DATA BELOW -

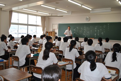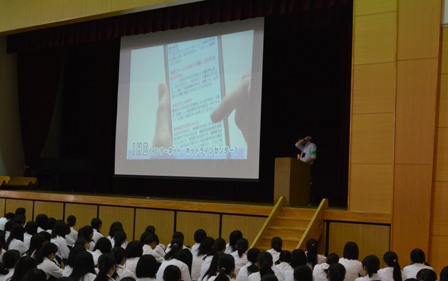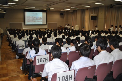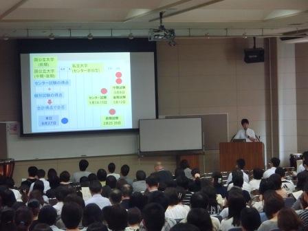 学年主任からのあいさつの後、進路指導課長より、来年度の大学入試センター試験の日程や出願手続きなどに関する説明が行われ、9月のセンター試験出願から1月末の国公立大学出願までの日程と、保護者として留意すべき点について、理解を深めていただきました。
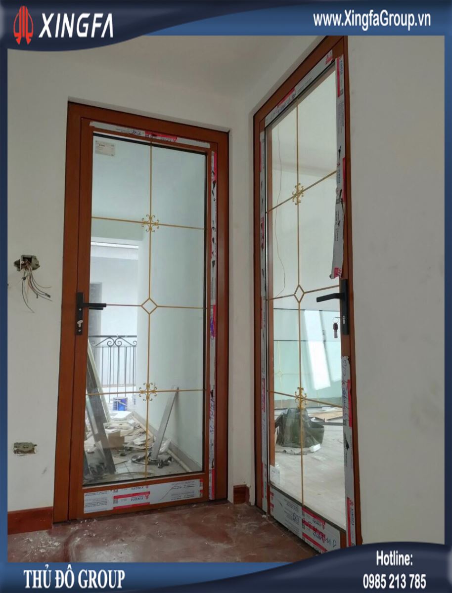 Mẫu cửa nhôm Xingfa dùng kính hộp 2 lớp cách âm cách nhiệt, có nan trang trí bên trong mạ đồng
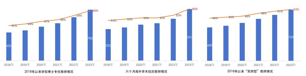 学校畅通各类人才发展通道,激励广大教师立足本职,潜心教书育人。第六轮岗位聘任修订岗位设置与聘任办法,科学核定编制和岗位,健全分类管理和考核办法,实现“国聘、校聘”两聘合一,教职工岗位意识、竞争意识显著增强;完善绩效工资划拨与分配办法,着力构建适应学校发展需要、体现岗位绩效和分类管理的绩效工资分配体系;深化专业技术职务评聘制度改革,坚持思想政治素质和师德师风第一标准,建立业绩赋分制,制订优秀人才职称“直通车”制度,强化高水平教学科研成果的激励和应用。教师队伍结构持续优化,教师队伍能力水平不断提升,初步实现“扩规模、调结构、提质量”目标。专任教师在数量、国际化水平、产学研用能力上均有明显提升,为学校高水平大学建设提供强有力的保障和支持。
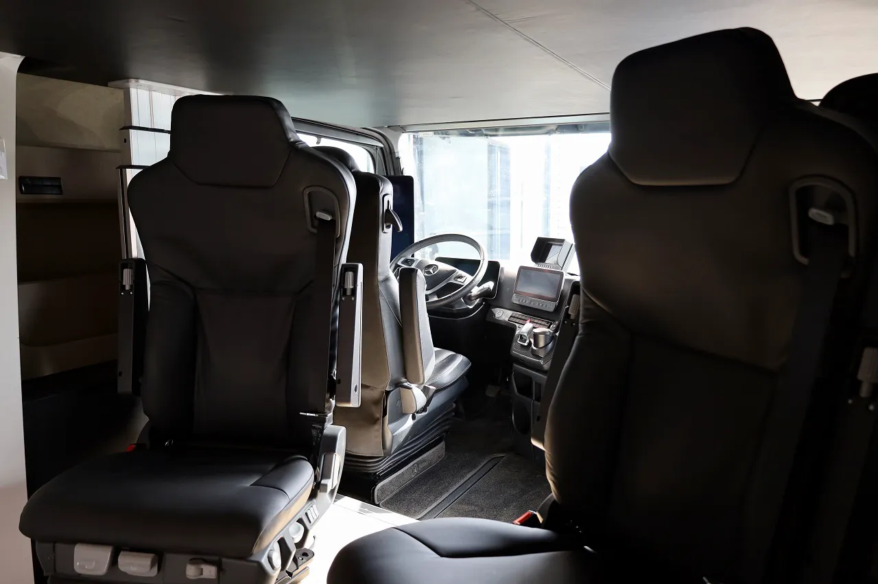 Сама кузовна надбудова має алюмінієву конструкцію з ізоляційними панелями та зовнішньою обшивкою з поліестеру. Цікаво, що у технічному паспорті машина записана як чотиримісна, що є рідкістю. Так, за стандартними сидіннями водія та переднього пасажира встановлено ще два крісла, оснащені триточковими ременями безпеки. Це дуже зручно для поїздок на великі відстані.

TASK REQUIREMENTS - Repeat only the lines from the beginning of the material through the line containing "学校畅通各类人才发展通道,激", both ends kept, leaving pictures out.

RESPONSE -
 学年主任からのあいさつの後、進路指導課長より、来年度の大学入試センター試験の日程や出願手続きなどに関する説明が行われ、9月のセンター試験出願から1月末の国公立大学出願までの日程と、保護者として留意すべき点について、理解を深めていただきました。
 Mẫu cửa nhôm Xingfa dùng kính hộp 2 lớp cách âm cách nhiệt, có nan trang trí bên trong mạ đồng
 学校畅通各类人才发展通道,激励广大教师立足本职,潜心教书育人。第六轮岗位聘任修订岗位设置与聘任办法,科学核定编制和岗位,健全分类管理和考核办法,实现“国聘、校聘”两聘合一,教职工岗位意识、竞争意识显著增强;完善绩效工资划拨与分配办法,着力构建适应学校发展需要、体现岗位绩效和分类管理的绩效工资分配体系;深化专业技术职务评聘制度改革,坚持思想政治素质和师德师风第一标准,建立业绩赋分制,制订优秀人才职称“直通车”制度,强化高水平教学科研成果的激励和应用。教师队伍结构持续优化,教师队伍能力水平不断提升,初步实现“扩规模、调结构、提质量”目标。专任教师在数量、国际化水平、产学研用能力上均有明显提升,为学校高水平大学建设提供强有力的保障和支持。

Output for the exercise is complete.